Evidence for the capability of the desert cyanobacterium Chroococcidiopsis sp. CCMEE 029 of repairing DNA damage accumulated while in space were obtained during the astrobiology experiments performed using the ESA EXPOSE-R2 facility outside the ISS17,18. Post-flight analysis performed in the context of the BIOlogy and Mars EXperiment (BIOMEX) space experiment showed that dried Chroococcidiopsis cells mixed with Martian regolith survived 1.5-year exposure to space radiation and a Mars-like environment simulated in LEO. This feature supported the use of this cyanobacterium for space technologies, although it is first mandatory to assess whether upon re-activation there is a robust repair of the accumulated DNA damage.

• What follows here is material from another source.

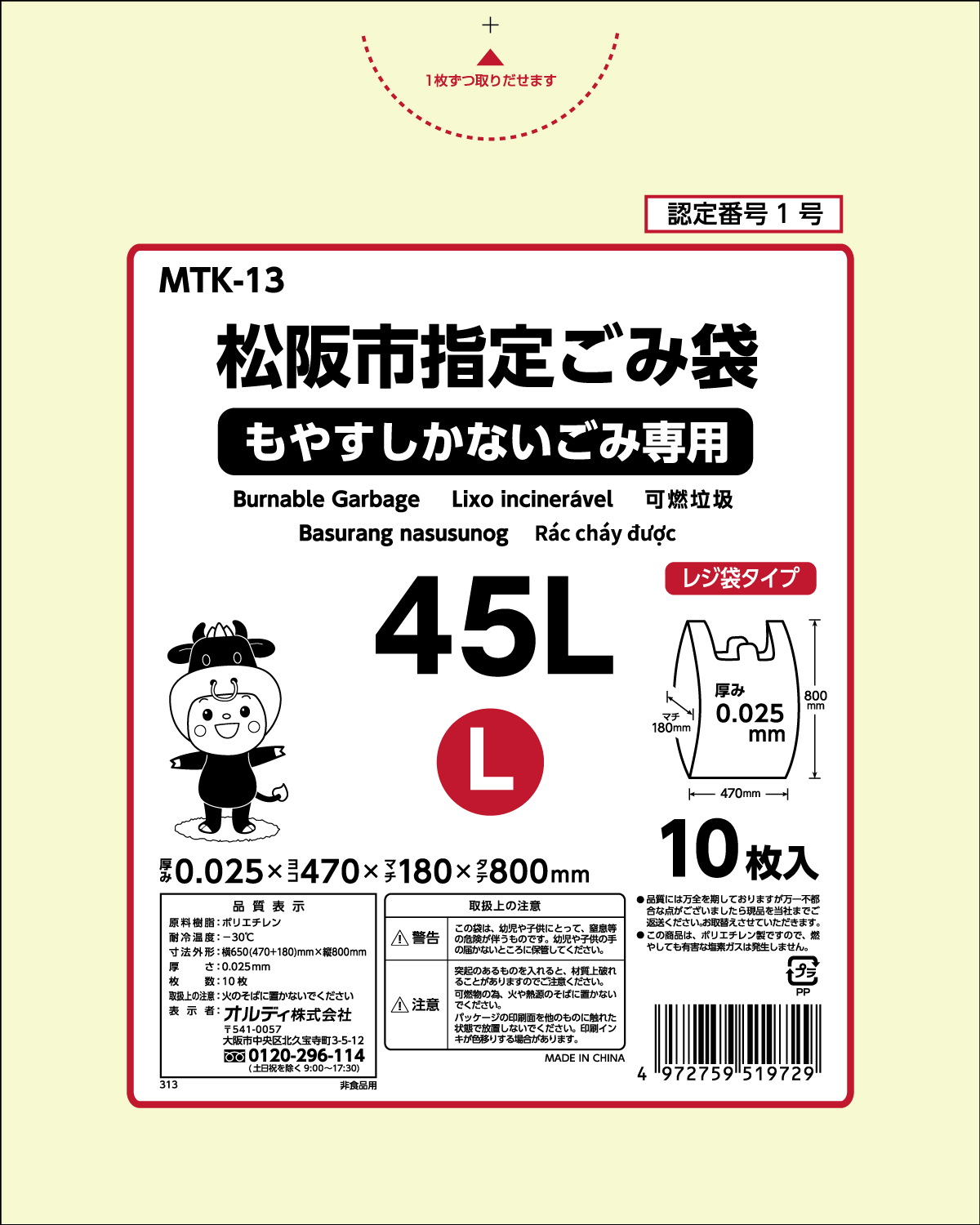 松阪市指定もやすしかないごみ45L 10P レジタイプ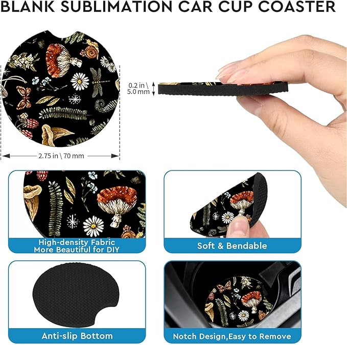- ✅ Perfect Fit for Any Ride: Measuring 2.75 inches in diameter, these coasters are designed to fit most car cup holders, whether you drive a compact car, SUV, or truck. No more wobbly cups on bumpy roads!

Here the desert cyanobacterium Chroococcidiopsis sp. CCMEE 029 was investigated for robustness of the repair of DNA lesions accumulated under Mars-like conditions simulated in LEO. Therefore, genomic alterations were investigated in a space-derivate strain obtained upon rehydration of dried cells exposed for 1.5 years to cosmic ionizing radiation and Mars-like conditions (UV radiation and atmosphere) simulated outside the ISS during BIOMEX space experiment19. Comparative analysis of the whole-genome sequences obtained using Illumina MiSeq and Oxford Nanopore MinION platforms, showed no increased variants in the space-derivate compared to independent triplicates of the reference strain maintained on the ground.

Results

Genome assembly of space-derived and ground-reference strains

During the BIOMEX space experiment a dried sample of the cyanobacterium Chroococcidiopsis sp. CCMEE 029, mixed with Martian regolith simulant, was exposed for 1.5-years to cosmic ionizing radiation combined with a Mars-like environment (UV radiation and atmosphere) simulated by using the EXPOSE-R2 facility (Fig. 1). After return to Earth, a space-derived strain was obtained upon rehydration of the exposed sample, while the ground-reference strain was maintained in independent triplicates (Fig. 1). The genomes of the ground-reference triplicates and of space-derivate were successfully assembled by combining Illumina and Oxford Nanopore sequencing technology (ONT) reads.

Figure 1
figure 1

Experimental design. During the BIOMEX space experiment, dried cells of Chroococcidiopsis sp. CCMEE 029 were exposed to cosmic ionizing radiation combined with a Mars-like environment (UV radiation and atmosphere) simulated in LEO by using the ESA EXPOSE-R2 facility installed outside the ISS. The space-derivate was obtained upon rehydration of the exposed sample after retrieval to Earth. Whole-genome comparative analyses were performed among liquid triplicates of the ground-reference strain and the space-derived strain.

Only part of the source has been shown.